- Born: 1990 (age 35–36) Polistena, Italy
- Education: Berklee College of Music
- Occupations: Composer, multi-instrumentalist, and producer

= Giosuè Greco =

Giosuè Greco is an Italian composer, multi-instrumentalist, and producer based in Los Angeles. Greco is known for composing score for film, television, and video games.

== Life and career ==
Greco was born in 1990 in Polistena, in the province of Reggio Calabria, Italy. He studied music at the Vibo Valentia conservatorio and furthered his musical education by taking a course organized by Umbria Jazz in 2009. After being offered a scholarship to Berklee College of Music, he moved to the United States and completed his diploma in production and sound engineering. After finishing his diploma, he moved to Los Angeles.

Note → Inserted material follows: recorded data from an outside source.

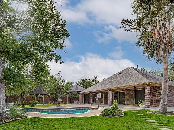 Welcome to this beautifully crafted custom home on over half an acre, offering a rare blend of interior comfort and resort-style outdoor living. This five-bedroom residence features a functional layout with a first-floor media room, formal dining, and a spacious living area overlooking the backyard. The kitchen includes rich cabinetry, granite countertops, stainless appliances, and an oversized island with seating. The private first-floor suite offers a large walk-in closet with custom storage and a well-appointed bath with dual vanities and a frameless shower. Two additional bedrooms share a Hollywood bath, with another guest room and full bath nearby. Upstairs provides a generous game room, bonus flex room, and a guest bedroom with full bath. The outdoor retreat includes a covered patio, full outdoor kitchen, sparkling pool, gazebo, and a detached brick outbuilding with storage and exterior half bath. A full-home Generac generator is also included!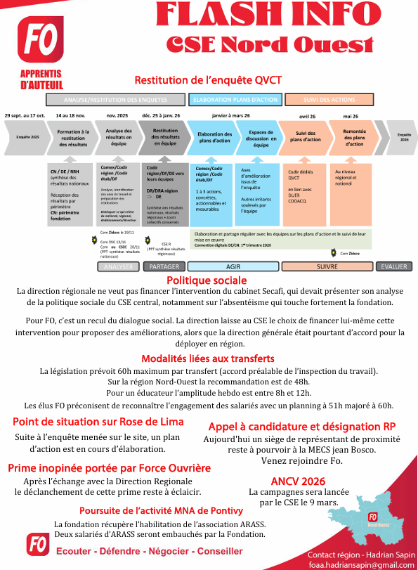 Flash FO du CSE Nord-Ouest – Février Posted By: Dan Laurent 25 février 2026 Flash info février 2026 Télécharger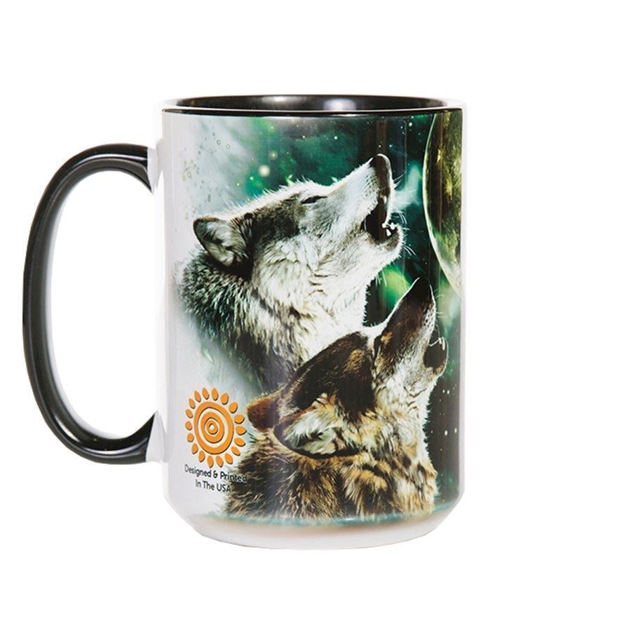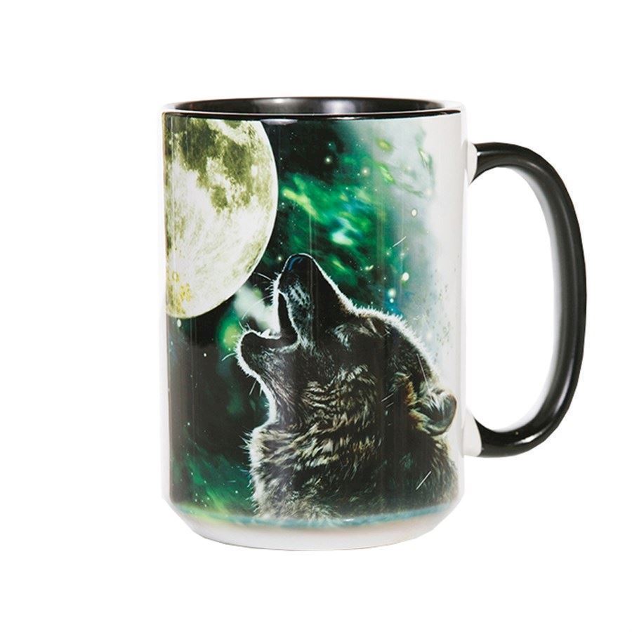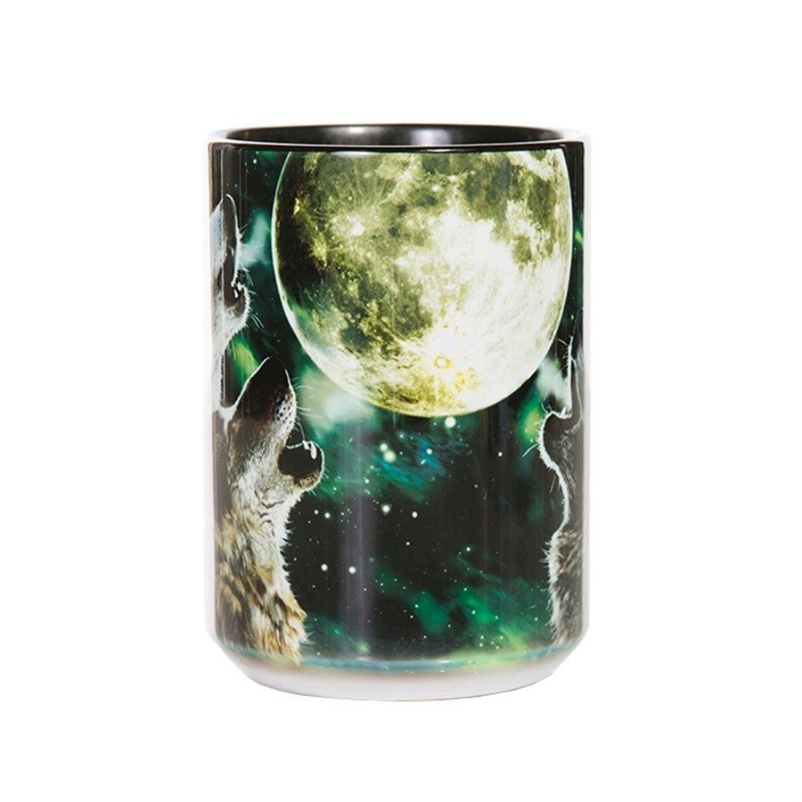 Kaffekrus med ulve der hyler mod månenTekrus med ulve

In 2015, Greco composed music for the film Coincidental Romance. Greco composed additional music for seasons 1–3 of the ABC drama series The Good Doctor.

In 2018, he composed the music for the Netflix documentary short Period. End of Sentence. During the same year he also worked on Ubisoft's Far Cry 5, providing additional music for the game.

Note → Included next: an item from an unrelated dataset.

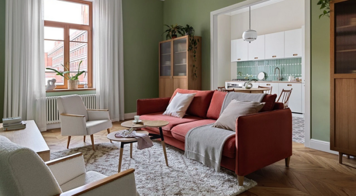 Эта квартира находится в старом доме, что определило концепцию: интерьер, в котором есть элементы классики, современного сканди и винтажа. Для гостиной выбрали натуральную палитру, в которую органично вписалась отреставрированная мебель. Яркий акцент красный диван, который балансируют белые кресла из ГДР (их обновили и обтянули модной сейчас тканью букле), а также шторы им в тон.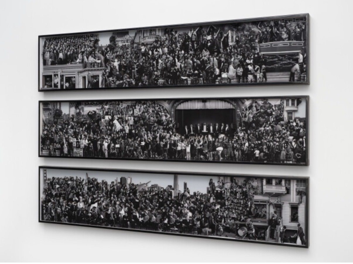 Triptych of 3 panels, each measuring 43 × 200 × 7 cm (16 15/16 × 78 3/4 × 2 3/4 inches). Installed total: 43 × 600 × 7 cm (16 15/16 × 236 1/4 × 2 3/4 inches). Unique work — not an edition. Current location: Los Angeles, USA. Shipping details available by request. Listed on Galerie Perrotin's leaflet platform (leaflet.perrotin.com). Detail photo reveals protest signs including 'Vote for a Fur-Free San Francisco – PETA', newspaper stands with 'The New York Times' and 'RESIST', and signage reading 'PEACE IS POSSIBLE'. The Castro Theatre marquee is visible in the panorama. Work references multiple eras and social movements in San Francisco.

From 2021 to 2022, he worked on Superman & Lois, and composed for 19 episodes of the series. In 2022, Greco started scoring for the sports documentary television series Welcome to Wrexham, produced by Ryan Reynolds and Rob McElhenney.

In 2024, Greco composed the music for the American coming-of-age comedy-drama film Dìdi.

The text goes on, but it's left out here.